Point of View Is Worth 80 IQ Points

— Alan Kay

  • we can provide new point-of-views in software through (data) visualization

So far, I haven't actually made much use of intersections, but it's likely that I'm not yet "thinking geometrically" enough.

Drawing Dynamic Visualizations Addendum - Bret Victor

  • Bret mentions "thinking geometrically" a bunch of times in this article, I think it's an important insight of feedback loops between tools we use, and styles of thinking that they promote (Tools Building Us)

Sanjay had a neat trick of using GraphViz to debug his compiler by outputting and laying out various compiler graphs (e.g. CFGs). It is obvious when you think about, but a normal compiler dev wouldn't think to do that.

https://twitter.com/seanmcdirmid18/status/1225852873096876032

Visibility is everything. In many cases the most effective person isn't the smartest or even the most qualified, it's the person who has visibility into the problem. Learning to make things visible gives you a superpower.

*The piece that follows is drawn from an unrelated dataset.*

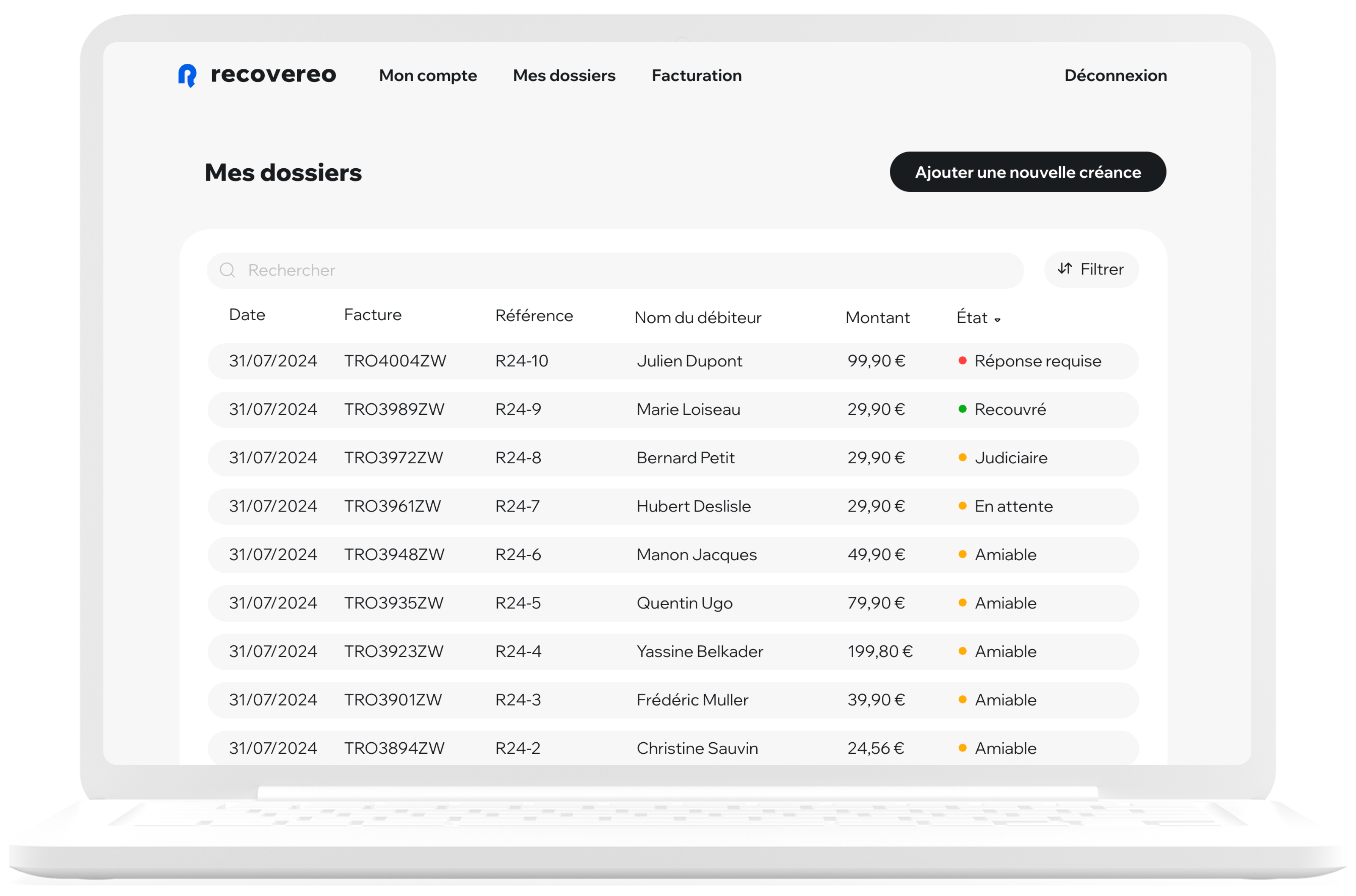 Une fois inscrits, les utilisateurs peuvent facilement uploader leurs créances via l’interface intuitive de Recovereo. Il leur suffit de soumettre les informations liées aux dettes qu’ils souhaitent recouvrir, et nous prenons en charge l’intégralité du processus. Nous commençons par envoyer des rappels par e-mail pour notifier les débiteurs, et si nécessaire, nous poursuivons l’action en justice pour assurer le recouvrement des fonds. Le tout se fait sans frais initiaux pour les utilisateurs, garantissant un service sans risque jusqu’à la récupération.

https://twitter.com/ibdknox/status/1225860283744174080

Debugging may simply involve carefully watching for an unexpected change

— Aesthetics of Computation - Unveiling the Visual Machine

  • if we have perfectly visual systems, we can "See Everything" and just watch for what's going on, and notice when things don't work
  • another very similar point:

    There is really no boundary between the code and the world, and this allows for some wonderful workflows. For example, there is no boundary between programming and debugging - if something is acting weird, you can simply pause time, open the logic, and probe widgets and wires to see what state they're in. Tweak the logic on the fly and resume again. It's blissfully iterative and doesn't require you to learn any additional tools, e.g. a time-travel debugger or a Whitebox.

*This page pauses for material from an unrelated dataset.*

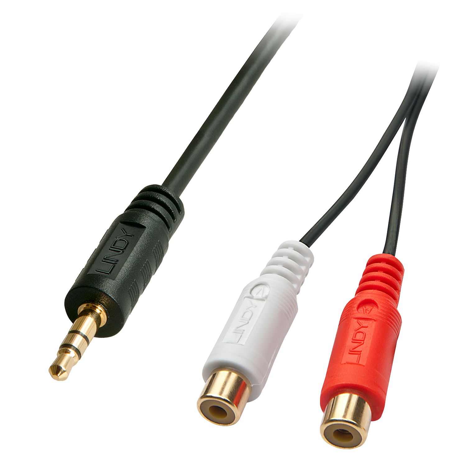 Lindy Premium - Audio-Adapter - 0,08 mm² - RCA x 2 (W) bis Mini-Phone Stereo 3,5 mm (M) - 25cm - abgeschirmt - Schwarz (35678)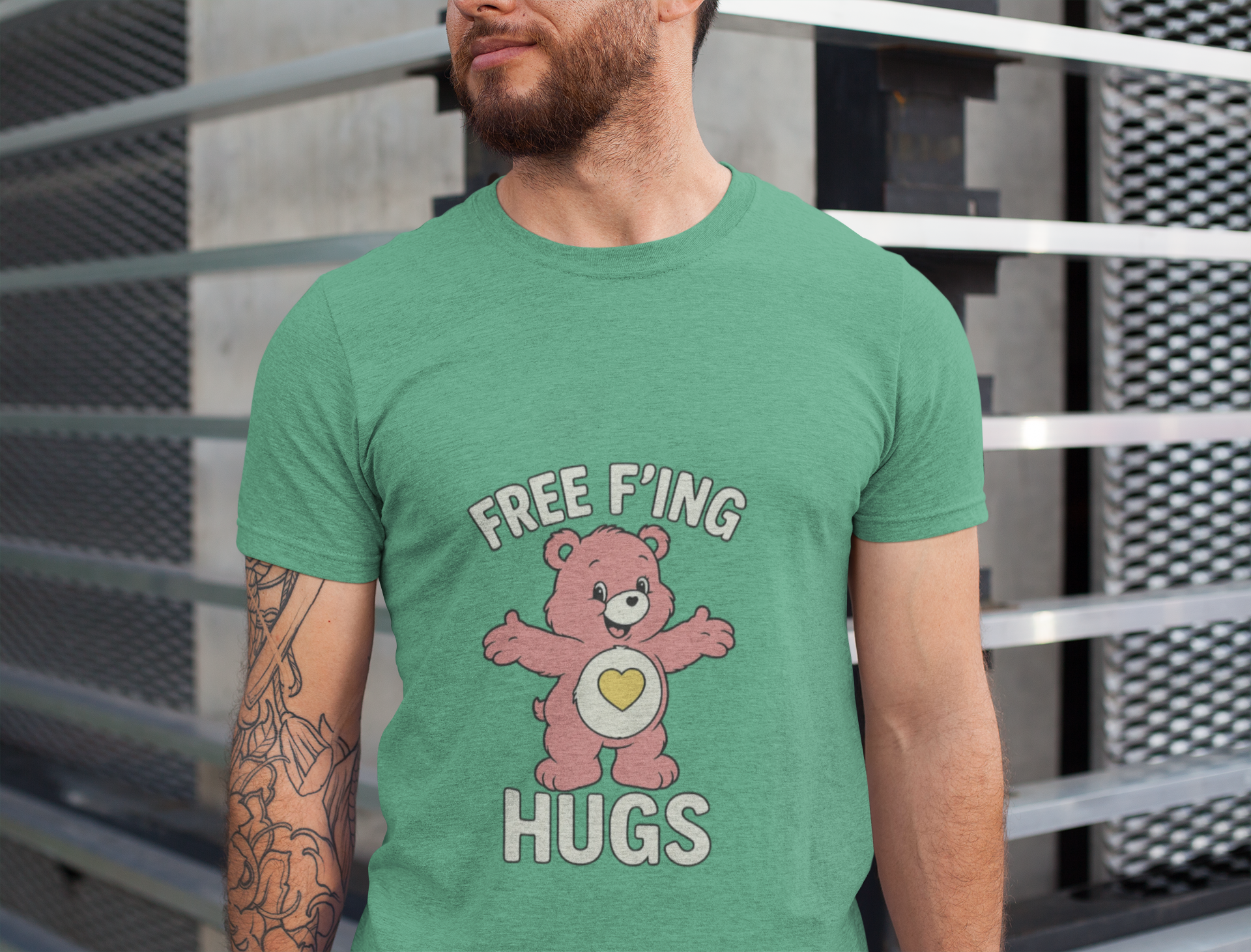 Bring the hugs, bring the attitude. This retro-inspired graphic tee features a playful bear with arms wide open and a bold “Free F’ing Hugs” slogan that gets the message across loud and clear. Vintage distressed lettering gives it that throwback vibe, while the bright, colorful design keeps things fun and eye-catching. Perfect for anyone with a sense of humor who loves making a statement, this shirt is as comfortable as it is cheeky.

    I did Advent of Code on a PlayStation

    • again, this is not about "VPL" which is node-and-wire interface, but about a VPL which:
      • shows its state to you - the values flowing through the system
      • is "live" (as in Live-Coding) and allows you to prod at the values to see what happens
  • this could be helpful when Solving Things Visually - data is a something that user has tangible access to, it occupies space instead of being ephemeral
  • Solving things Visually - and Alan Kay's anecdote about drawing a circle - when thinking "visually" one wants a compass, and not a sin(x), cos(x) equation
  • interaction is important part of abstraction - being able to interact with the visualization (and see other visualizations change) helps us build mental model of the solution space (Solving Things Visually)
    • human brains are good at matching visual patterns, but slow (and bad) at logical inferences
    • it makes sense to turn these inferences into visual representations, so we can reason about them with our visual side of brain
    • it makes sense to be able to play with them to gain even better understanding of them - static visualization is not enough, interaction with living system combined with visualization is important
  • I'm also not sure if any tool will be able to give me more IQ points (although a point-of-view can - solving things visually)
  • it's interesting to look at "simulator" problems from the point of view of VPLs - visualizing program state/execution is more useful than visualizing the AST - this, again, ties into Solving Things Visually

    What kind of a thinker would you become if you grew up with an active simulator connected, not just to one point of view, but to all the points of view (...) so they could be dynamically tried out and compared?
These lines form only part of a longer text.